Maintaining attitude while people gossip that "he's gay"

This has been killing me recently. I live in a small city in Louisiana where the appropriate male clothes to wear is a camoflauge hunting jacket, carhart jeans, and heavy duty boots. Heaven forbid you dress contemporarily, not even metrosexual, but that you gave more than 0.1 second to dressing cool & getting a cool hairstyle and wear fitted modern clothes with an athletic build.

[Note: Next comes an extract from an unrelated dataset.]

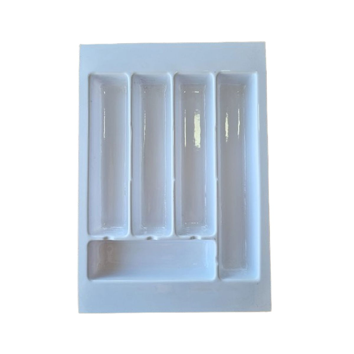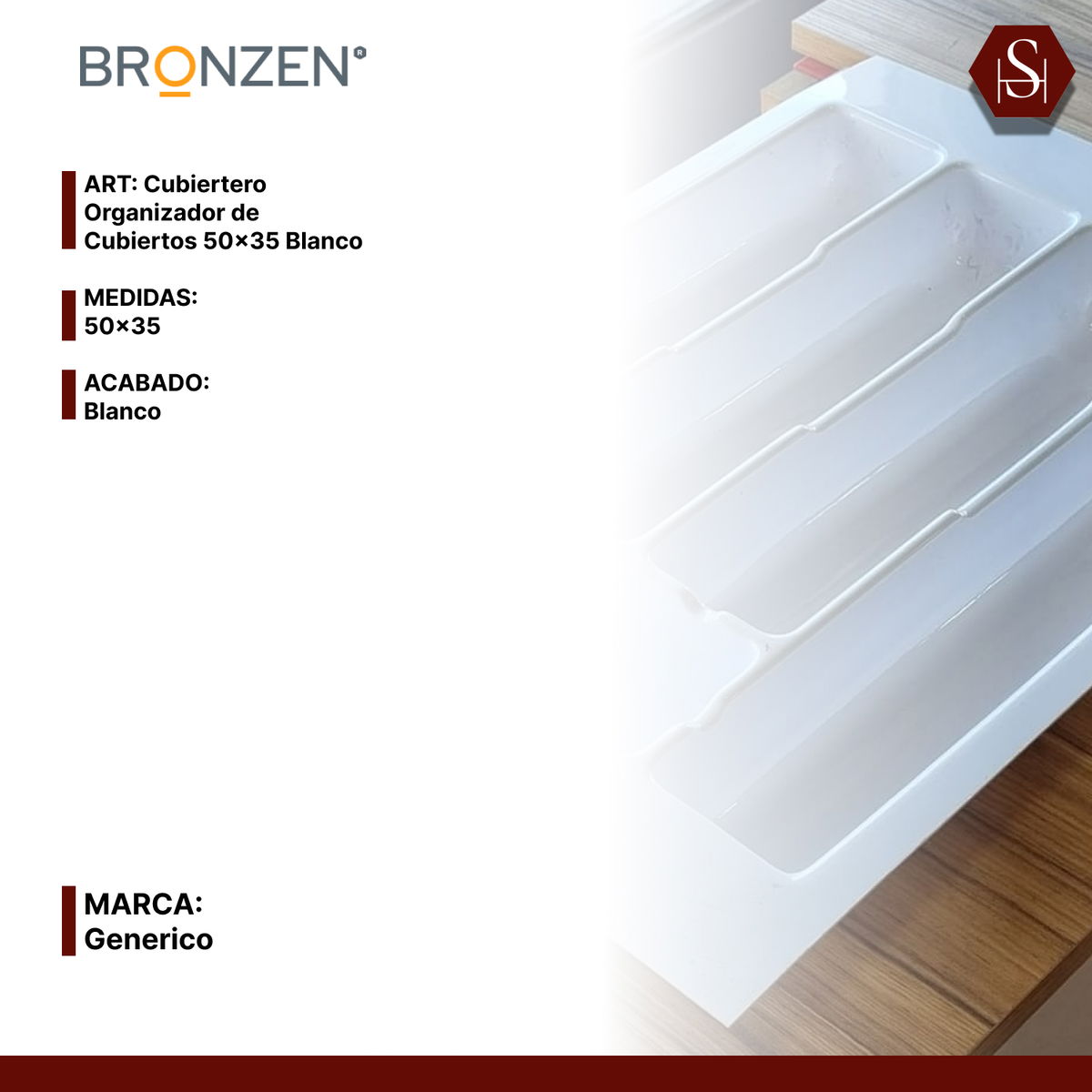 El cubiertero organizador de 50x35 cm es ideal para mantener tus cubiertos siempre ordenados y al alcance. Fabricado en material resistente con acabado en color blanco, se adapta fácilmente a cajones estándar y ofrece compartimentos prácticos para separar cuchillos, tenedores, cucharas y utensilios de cocina.

All the time people - mixed groups, all-male, all-female - will look at me and start gossiping "he's gay." I dont want to defend myself here and I'm not gonna about bodylanguage, not looking faggoty, etc - it's the culture I live in: you're an outsider and probably gay if you dont look like you're about to go on a fucking duck hunting trip. Mind you, I didn't grow up here so I'm not an insider, but I dress normal/hip for anyplace other than a conservative southern redneck small city.

I know this shouldn't bother me, but it does. If I'm in a good state either doing day or nightgame and my eagle ears pick up on this gossip, it kills me state and my mood goes down the gutter. I've tried playing mind games with myself saying in my head, "those chicks are fat what the fuck do they know" or telling myself im awesome: "this is just like johnny rotten moving to pasadena California and fucking loving it cause it was so odd (yeah, that's a true story BTW)" Nothing helps and I cant pick my state up off the ground. I still feel my spine keeling over and it doesn't straighten up.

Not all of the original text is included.